Mai of Tula Chiefdom
- Reign: 21 December 2009 – present
- Predecessor: Buba Kokiya Atare
- Born: 16 August 1987 (age 38) Bauchi, Bauchi State, Nigeria
- Spouse: Maryam Ahmad Atare
- Issue: Princess Jamila Atare, Prince Abubakar (Ameer)
- Royal House: Wumne
- Father: Buba Kokiya Atare
- Mother: Mrs Lami Buba MFR
- Religion: Islam

= Abubakar Buba Atare =

Dr Abubakar Buba Atare II (born Kokiya Abubakar Buba Atare 16 August 1987) is the second Mai or King of Tula Chiefdom. He was crowned on 21 December 2009 after the death of his father Buba K. Atare on 13 December 2009. Mai Abubakar was at the time of his appointment an engineering undergraduate student of Middlesex University, Dubai, United Arab Emirates.

He also holds the position of secretary of the Gombe State Council of Emirs & Chiefs.

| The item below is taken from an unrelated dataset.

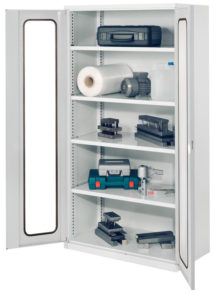 Schwerlastschrank, Sichtfenstertüren, 4 Fachböden, BxTxH 1000x600x1950 mm, RAL 7035
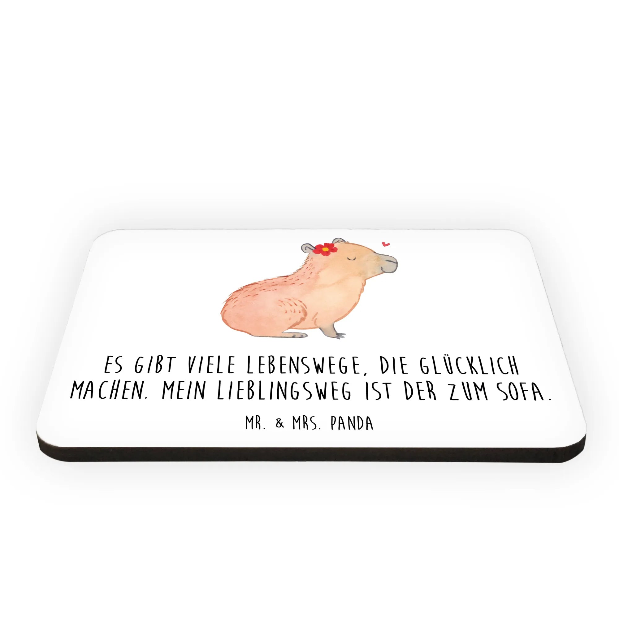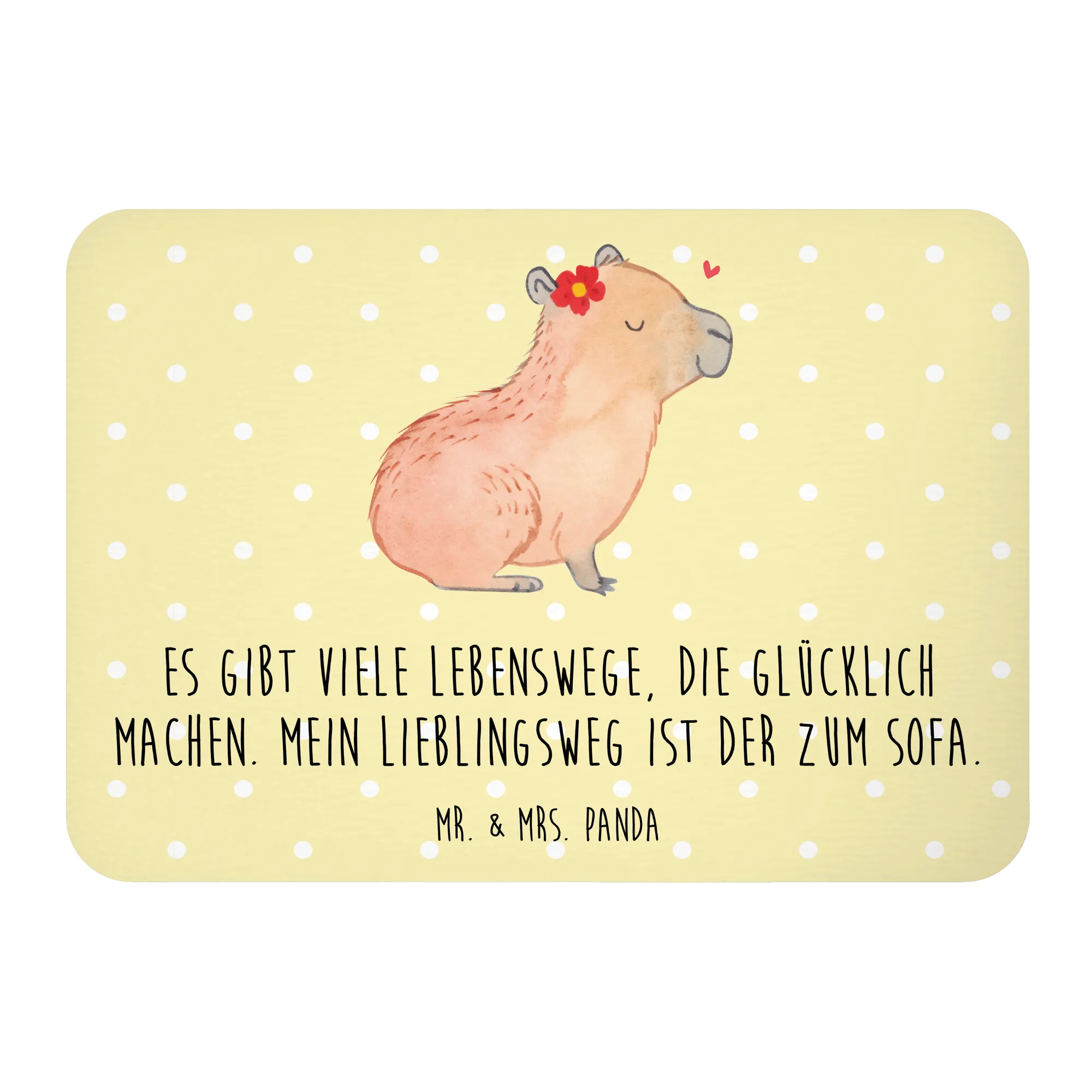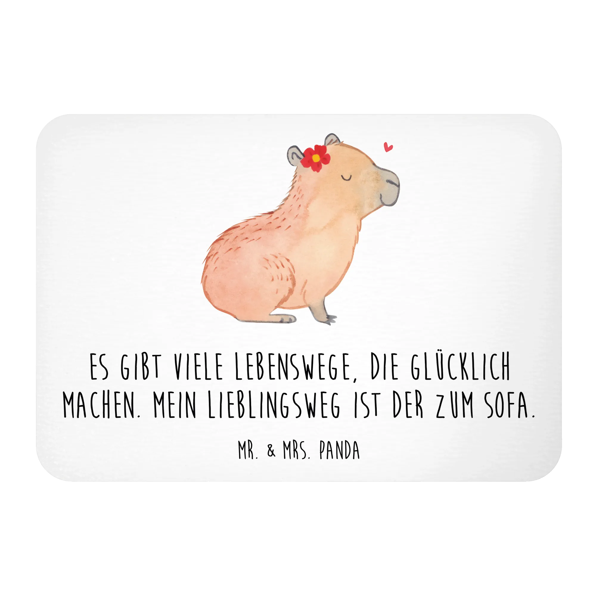 Allow us to present the charming Capybara Flower! The relaxed capybara, eyes closed and smiling, is gracefully adorned with a vibrant red flower featuring a cheerful yellow center. Above it, a floating heart showcases the love and warmth of life’s little moments. This motif is a picturesque representation of our belief that Es gibt viele Lebenswege, die glücklich machen. Mein Lieblingsweg ist der zum Sofa. So let’s celebrate the joy of pure stillness and gentle happiness in our everyday lives!

In 2017, the Mai donated a parcel of land for the construction of a golf course in Tula. He made the announcement during the opening ceremony of the maiden edition of Gombe Talba Open (GT Open) golf tournament at the Gongila Valley Golf Court, Ashaka Cement Factory in Gombe State.

In November 2017, the Mai attended the funeral rites of Daktibe Jalingo and his son who were murdered by gunmen. In his speech, he condemned the attack and tasked the authorities to apprehend the culprits in order to face full wrath of the law.

In 2018, during the annual Tula cultural day, he called on the people of Tula and the entire Southern Gombe Tangale Waja to be more united, an occasion that was graced by the Executive Governor of Gombe State, Ibrahim Hassan Dankwambo, and the Emir of Misau, HRH Ahmed Sulaiman.

== Educational background==
His Royal Highness attended Abubakar Tafawa Balewa University staff school Bauchi for his primary education, then proceeded to federal Government college Kwali in Abuja and subsequently federal government college Billiri in Gombe State for his secondary education.

He was admitted into University of Abuja to study Geography which he later left to enrolled in Middlesex University London (Dubai Campus) where he graduated with BSc Honors in software engineering with IT & BIS.

==Work==
- Network Station Manager at CISCO Systems, Dubai Internet City, UAE before his appointment as the "Mai" or King of Tula Chiefdom.